5. Feed-Forward Network

Two linear layers with a GeLU nonlinearity. This is where most of the model's "knowledge storage" happens:

class FeedForward(nn.Module):
def __init__(self):
    super().__init__()
    self.net = nn.Sequential(
        nn.Linear(D_MODEL, D_FF),
        nn.GELU(),          # More than just ReLU: smoother, handles negative inputs
        nn.Linear(D_FF, D_MODEL),
        nn.Dropout(DROPOUT),
    )

def forward(self, x):
    return self.net(x)

6. Transformer Block with Pre-Norm

Modern LLMs use pre-normalization (LayerNorm before the sublayer) rather than the original paper's post-normalization. Pre-norm is more stable for deep networks:

class TransformerBlock(nn.Module):
def __init__(self):
    super().__init__()
    self.ln1 = nn.LayerNorm(D_MODEL)
    self.attn = MultiHeadAttention()
    self.ln2 = nn.LayerNorm(D_MODEL)
    self.ff = FeedForward()

def forward(self, x, mask=None):
    # Pre-norm + residual connection for attention
    x = x + self.attn(self.ln1(x), mask)
    # Pre-norm + residual connection for FFN
    x = x + self.ff(self.ln2(x))
    return x

7. The Full GPT Model

class GPT(nn.Module):
def __init__(self):
    super().__init__()
    self.embed = Embeddings()
    self.blocks = nn.ModuleList([TransformerBlock() for _ in range(N_LAYERS)])
    self.ln_f = nn.LayerNorm(D_MODEL)
    self.lm_head = nn.Linear(D_MODEL, VOCAB_SIZE, bias=False)

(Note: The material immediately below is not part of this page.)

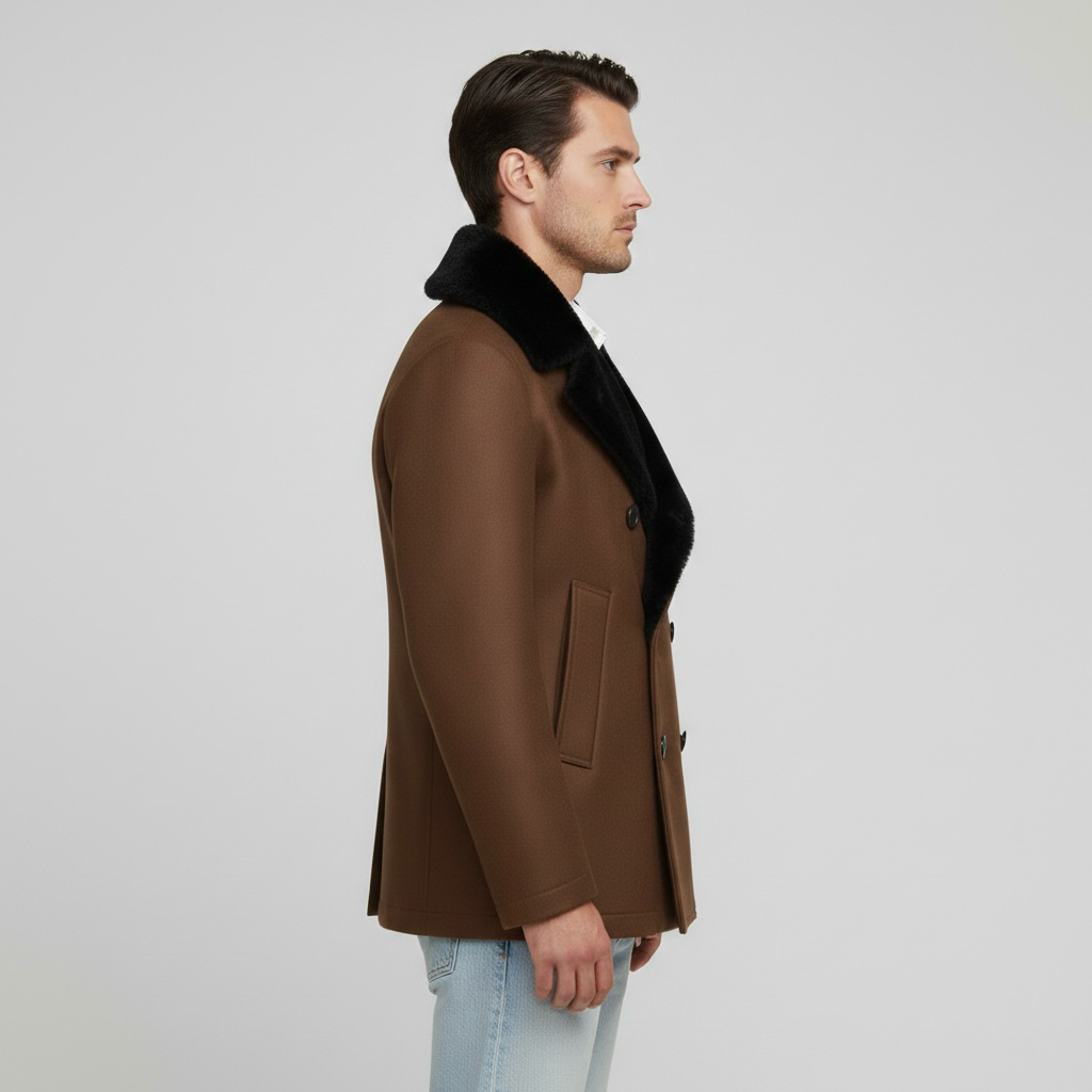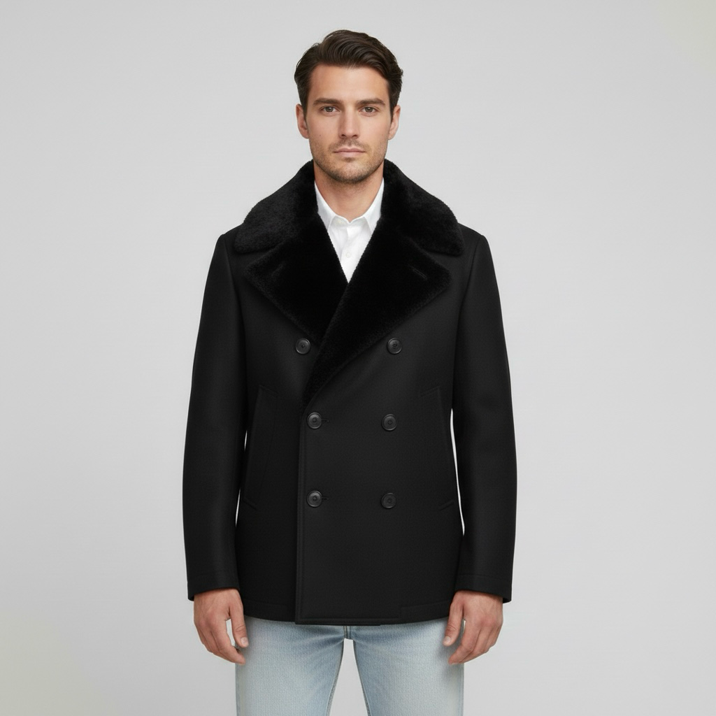 Egy hosszú férfi kabát dupla gombolással és széles gallérral, amelyet arra terveztek, hogy melegen tartson télen.

    # Causal mask (lower triangular)
    self.register_buffer('causal_mask',
        torch.tril(torch.ones(CONTEXT_LEN, CONTEXT_LEN)).view(
            1, 1, CONTEXT_LEN, CONTEXT_LEN))

def forward(self, idx, targets=None):
    B, T = idx.shape

    x = self.embed(idx)
    mask = self.causal_mask[:, :, :T, :T]

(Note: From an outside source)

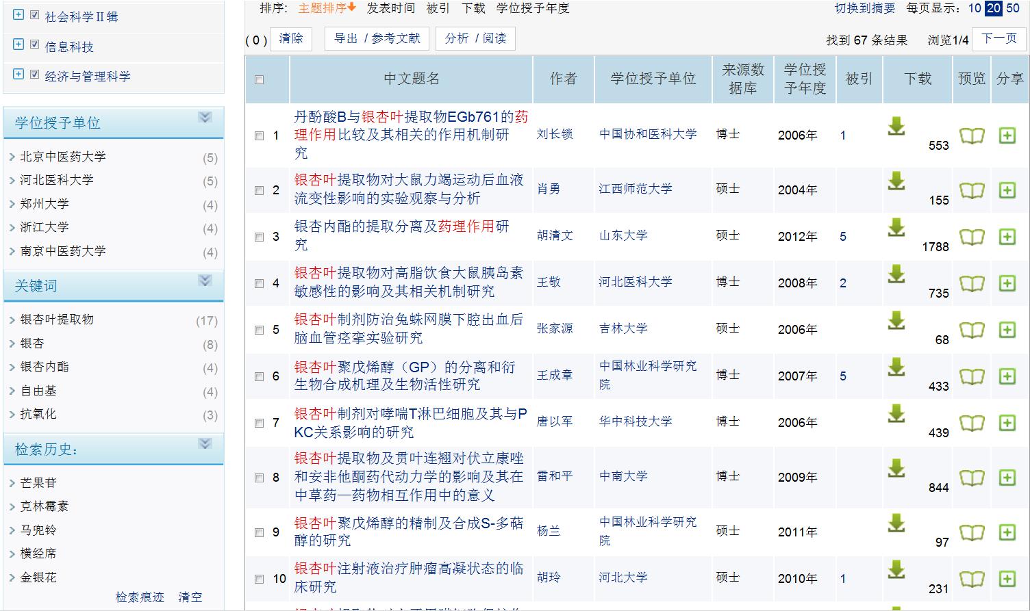 (3)进入检索结果界面:搜索到有关银杏叶药理作用的硕博士学位论文67条

    for block in self.blocks:
        x = block(x, mask)

    x = self.ln_f(x)
    logits = self.lm_head(x)  # (B, T, VOCAB_SIZE)

    loss = None
    if targets is not None:
        loss = F.cross_entropy(
            logits.view(-1, VOCAB_SIZE),
            targets.view(-1)
        )
    return logits, loss
Exercise 1

Count the total number of parameters in this GPT model. Compare to GPT-2 (117M, 345M, 762M, 1.5B). What configuration produces each size? What's the main scaling axis?

Exercise 2

Remove the causal mask from the attention computation. What would the model now be able to do that it shouldn't? What type of model does this produce? (Hint: think BERT.)

Exercise 3 (Advanced)

Replace the learned absolute positional embeddings with RoPE (Rotary Position Embedding). The key: apply rotation matrices to Q and K before computing attention scores. Implement and compare training curves on a tiny dataset.